>>

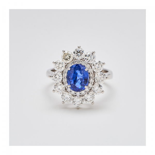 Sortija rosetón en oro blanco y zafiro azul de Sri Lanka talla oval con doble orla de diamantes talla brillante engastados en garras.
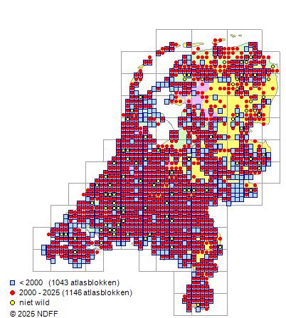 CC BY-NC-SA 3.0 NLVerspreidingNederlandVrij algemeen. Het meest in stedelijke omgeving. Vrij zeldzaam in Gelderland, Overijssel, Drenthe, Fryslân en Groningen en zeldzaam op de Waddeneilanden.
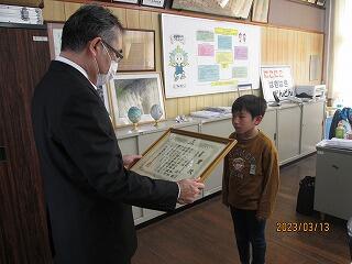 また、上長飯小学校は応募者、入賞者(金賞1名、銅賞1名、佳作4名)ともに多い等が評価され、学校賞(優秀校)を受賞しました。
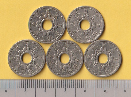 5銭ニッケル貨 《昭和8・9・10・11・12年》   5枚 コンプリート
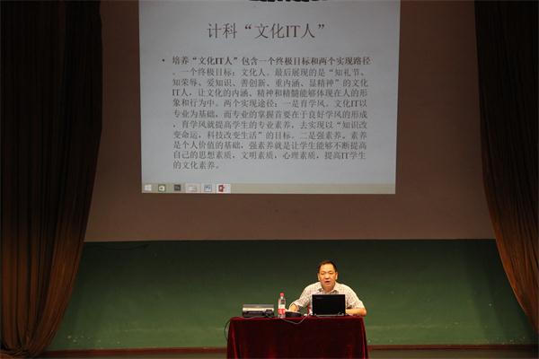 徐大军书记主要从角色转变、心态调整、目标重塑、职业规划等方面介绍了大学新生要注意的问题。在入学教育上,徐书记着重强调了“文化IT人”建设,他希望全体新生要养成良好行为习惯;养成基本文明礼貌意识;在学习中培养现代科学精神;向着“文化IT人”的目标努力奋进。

<<
>>

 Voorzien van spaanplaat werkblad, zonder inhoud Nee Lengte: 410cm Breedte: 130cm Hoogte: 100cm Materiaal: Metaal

<<
>>

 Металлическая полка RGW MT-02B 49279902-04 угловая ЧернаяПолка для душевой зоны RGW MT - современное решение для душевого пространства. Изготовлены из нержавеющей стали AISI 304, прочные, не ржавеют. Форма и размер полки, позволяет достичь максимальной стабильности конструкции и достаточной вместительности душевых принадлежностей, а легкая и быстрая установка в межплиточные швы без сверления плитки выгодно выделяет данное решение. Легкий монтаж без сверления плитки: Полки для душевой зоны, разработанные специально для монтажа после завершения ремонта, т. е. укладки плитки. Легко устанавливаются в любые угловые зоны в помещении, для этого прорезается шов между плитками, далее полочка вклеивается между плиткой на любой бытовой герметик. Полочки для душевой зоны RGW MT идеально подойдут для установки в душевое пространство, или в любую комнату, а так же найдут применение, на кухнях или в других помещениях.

<<

** TASK TO CARRY OUT **
Extract from the material above the stretch running from the line containing "また、上長飯小学校は応募者、" through the line containing "徐大军书记主要从角色转变、心". Keep the text exact and the pictures out.

** ANSWER TO THE PROBLEM **
 また、上長飯小学校は応募者、入賞者(金賞1名、銅賞1名、佳作4名)ともに多い等が評価され、学校賞(優秀校)を受賞しました。
 5銭ニッケル貨 《昭和8・9・10・11・12年》   5枚 コンプリート
 徐大军书记主要从角色转变、心态调整、目标重塑、职业规划等方面介绍了大学新生要注意的问题。在入学教育上,徐书记着重强调了“文化IT人”建设,他希望全体新生要养成良好行为习惯;养成基本文明礼貌意识;在学习中培养现代科学精神;向着“文化IT人”的目标努力奋进。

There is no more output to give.